Danielle Coleman, a reading specialist at Tarver-Rendon Elementary in Mansfield ISD, is currently part of the training.
“It is kind of difficult trying to do the hours that it takes to do the training and trying to find a school that works well with our district and what we actually do with our dyslexic students and our students that have reading difficulties,” Coleman said.
But Mansfield ISD is working with the Key Center to provide the training, which began online due to the pandemic.
“Our director of instruction actually brought Key School to us, knowing that some of us wanted to do a CALT,” she said.
With limited time and resources however, the demand for training can not be met by a single facility, so those participating in the training are also sharing techniques to identify and help students with learning difficulties with other teachers at their schools.

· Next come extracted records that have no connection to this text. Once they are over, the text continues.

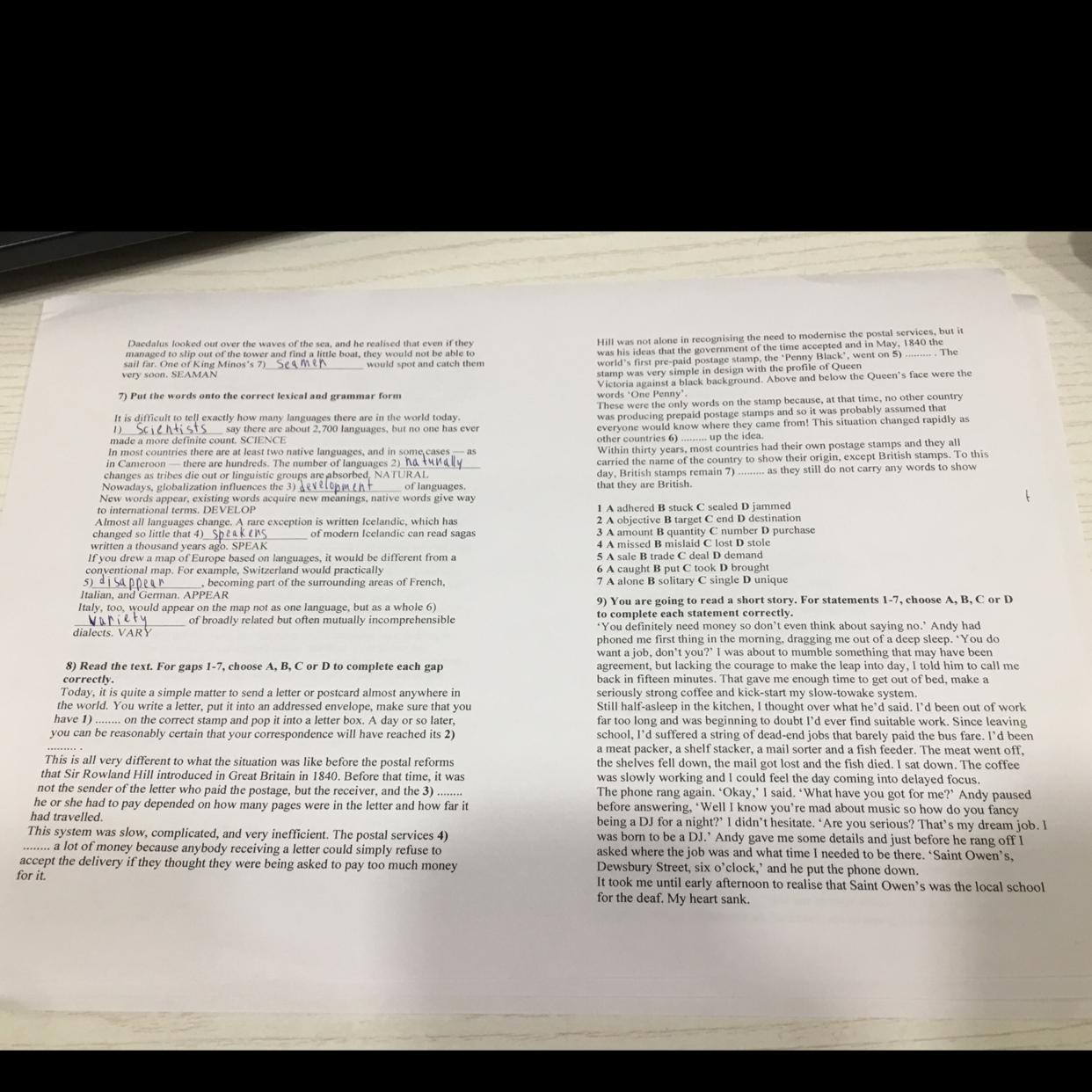 1 - stuck (b); 2 - destination (d); 3 - amount (a); 4 - lost (c); 5 - sale (a); 6 - took (c); 7 - unique (d).
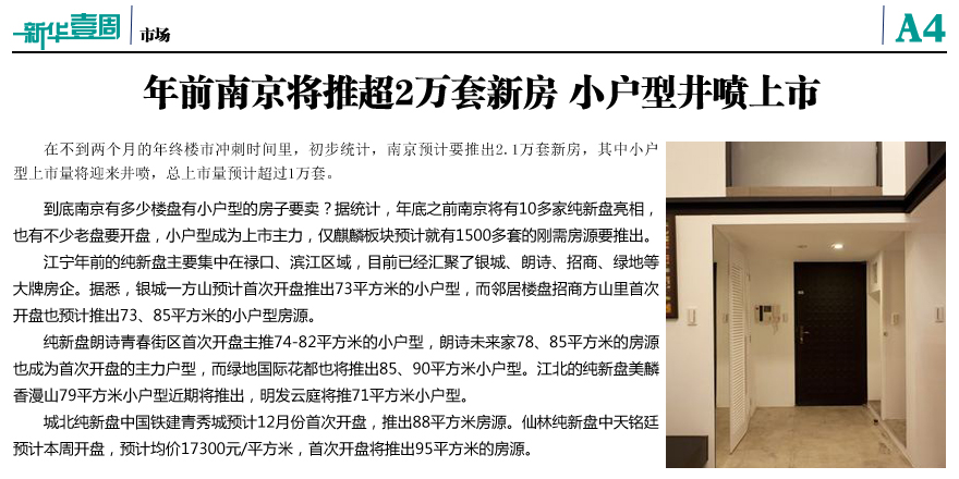 年前南京将推超2万套新房
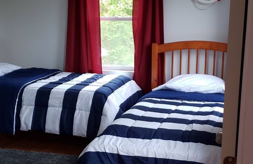 Guests will have access to three beautifully furnished bedrooms and two bathrooms. (One upstairs bedroom is locked and not available for guests use.) There are two bedrooms and a bathroom upstairs and one bedroom and bathroom downstairs.

“We are teaching the teachers how to fish, so to speak,” said Doris Singleton, another trainee from Mansfield ISD. “We are giving them the keys and the tools to help their own students.”
Registration for the next cohort will begin in the spring, Youngblood said.
“It’s not just teachers, anyone with a Bachelor’s degree can go through the training,” she said. “We have parents that go through it to help their children, and in most cases teachers that come into this are also parents of children with disabilities.”
The new facility will provide additional hands-on learning activities, including observation rooms where teachers and parents can observe and learn from language therapy as it happens.
New campus brings joy
Beyond that, the campus, which has been in the planning stages for years, provides students with much-needed space and amenities they didn’t previously have.
“I went from squeezing in between people trying to get to class in a crowded hallway, to walking to class with my head held high,” Lara Fulgham, who started at the school in first grade said. “Look how far we have come.”
Fulgham is a Senior this year.
The new facility, which is located at John T White Boulevard off Interstate 30 and Cooks Lane, includes outdoor classrooms, private therapy rooms and a path dedicated to the founders of the school.
Kim England, who has a son that attends the school, said the new campus is bright, light and “everything the kids deserve.”
England heard of the school through a friend when her son, now 13, was struggling with interventions at Keller ISD. The specialized training at Key was a game changer.
“The difference with his emotional state was immediate,” she said. “And educationally within a couple of weeks.”
With training from the facility being offered to teachers across the county, England said she is hopeful.
“It needs to be done, and it is about time, because there are too many kids in public school that are not receiving this service,” she said.